Home > Categories > Entertainment > Television > All Creatures Great and Small: Series Four review
Based on the best-selling novels by James Herriot, All Creatures Great and Small is a wonderful, heart-warming series that the entire family can get together and enjoy. Series Four sees much of the material taken straight from Herriot's fourth book, "The Lord God Made Them All', and is somewhat more serious than the previous three series'.
The setting is now the early Fifties, and the Dales are still suffering from the bleak austerity that gripped all of England after World War II. Times are changing for the small town in the English countryside, and the people must learn to grow, stumble and adapt to their post-war lives. James Herriot (played by Christopher Timothy), suffers a loss of innocence of sorts after returning from the war and over the ten episodes from Series Four the changes within him become more pronounced. Now that Tristan (Peter Davison) has landed an exalted position in the Ministry of Agriculture and Fisheries, the small Darrowby practice recruits a young Scottish vet Calum (John McGlynn), who arrives by motorcycle with a badger in his luggage, and a fresh burst of energy for the team!
DVD Special features:
• An interview with Christopher Timothy from BBC's Daytime Live
• An interview with John McGlynn from BBC's Noticeboard.
Product reviews...
This takes me back... to my childhood and an age of innocence, well, for me at least.

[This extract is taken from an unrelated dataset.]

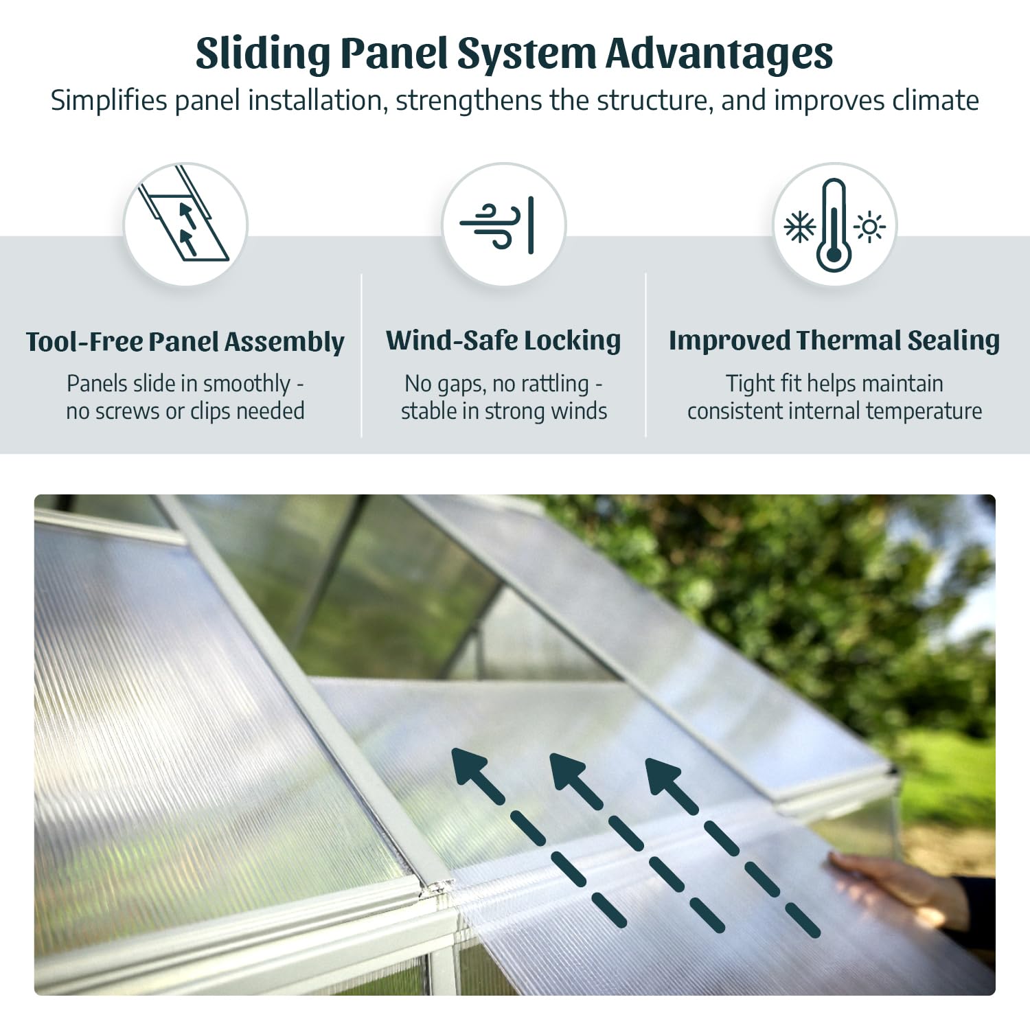 THOUGHTFUL ENGINEERING THAT OFFERS YEAR ROUND PROTECTION - Virtually unbreakable twin-wall 4mm polycarbonate panels provide over 70% light transmission with 100% protection from harmful UV rays.

Every Sunday night, the whole of the Diogenes family was curled up in front of the TV to watch the adventures of James Herriot in the scenic Yorkshire Dales. This was always used as a threat to behave, because any misbehavior would mean forfeiting All Creatures Great and Small. And that was something none of us kids wanted to miss.
So, some *Cough* years later, putting the disk in the DVD player and pressing play, I am surrounded by that familiar sound, and that sound alone brings back memories of Sunday roast and roaring winter fires.
Herriot is just as I remember, accompanied by all my old favourites. Helen, Seigfried, Tristan - and that chap who rings to say he is in the 'Telephone cossak' saying his pig is dying from semolina.
What can be said? This is a total nostalgia fest for me, something I feel an utter pleasure to review and something I would not miss.
Putting on the disks the first time, my daughter called "Boring" but ended up sitting through more than one episode and would have sat through more had she not been sent to bed.
Clearly, after all these years, the magic of Herriot has captured a new generation - and that is the mark of a good, classic family show. Well Done BBC for releasing this show - and, I eagerly await the next series.